卵巣組織を凍結保存するメリットとリスクは以下のような点が挙げられます。

〈メリット〉
・保存できる卵子の数が、卵子や受精卵の凍結保存に比べて圧倒的に多い。
・月経周期に左右されず、排卵誘発も不要であるため、短期間で保存が可能である。
=すぐに治療を行う必要がある患者に有用である。

 〈リスク〉
・抗がん剤治療を受けた後の卵巣は、実年齢の約+10歳の機能になり、移植しても卵巣機能が回復しない可能性がある。(*注11)
・凍結保存後の卵巣を移植してもそこから妊娠に至るのは15%程度である。
・抗がん剤治療後すぐに凍結卵巣組織を移植するので感染症のリスクが高い。
・凍結卵巣組織の移植には、がん細胞の再導入の危険性がある。

以上のように、凍結卵巣組織の移植にもリスクが存在するため、卵巣組織の凍結保存に不安を抱く方もいるかもしれません。

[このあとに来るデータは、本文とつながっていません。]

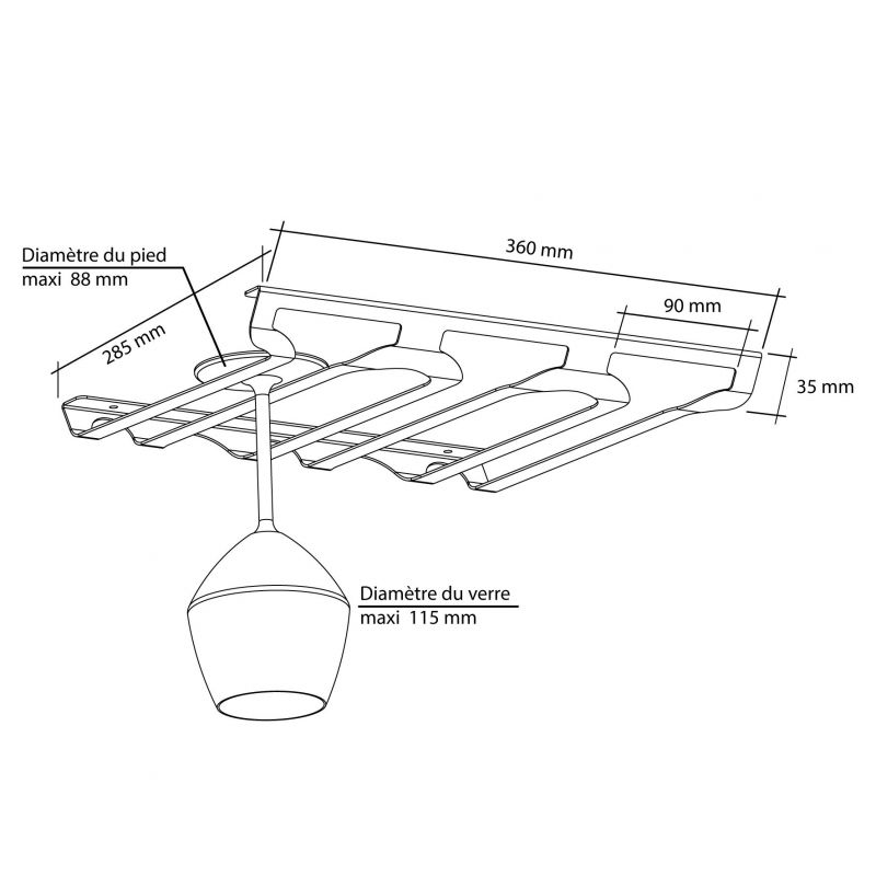 Porte-verre SLIDE- Capacités 6 gros verres-360mm- Finition noir mat

しかし、凍結卵巣組織を体に戻すか戻さないかは、がんの治療が終わってから、自身の体と心と相談して決断することができるのです。

将来子どもを持つという選択肢ががん治療後に残っていることに、妊孕性温存治療の意味があるのではないでしょうか。

妊孕性消失への不安を少しでも解消し、がん治療に専念していただくこと、そしてがんの診断を受けた方のQOLが、がん治療後も充実することを願って私は日々、研究に取り組んでいます。 

(*注11)卵巣は抗がん剤などに対して非常に敏感な臓器で、1回の抗がん剤治療によって約+1.5歳の機能になるという報告もある。卵巣機能の低下により、冷凍保存していた組織を移植しても卵巣の機能回復の可能性は低くなる。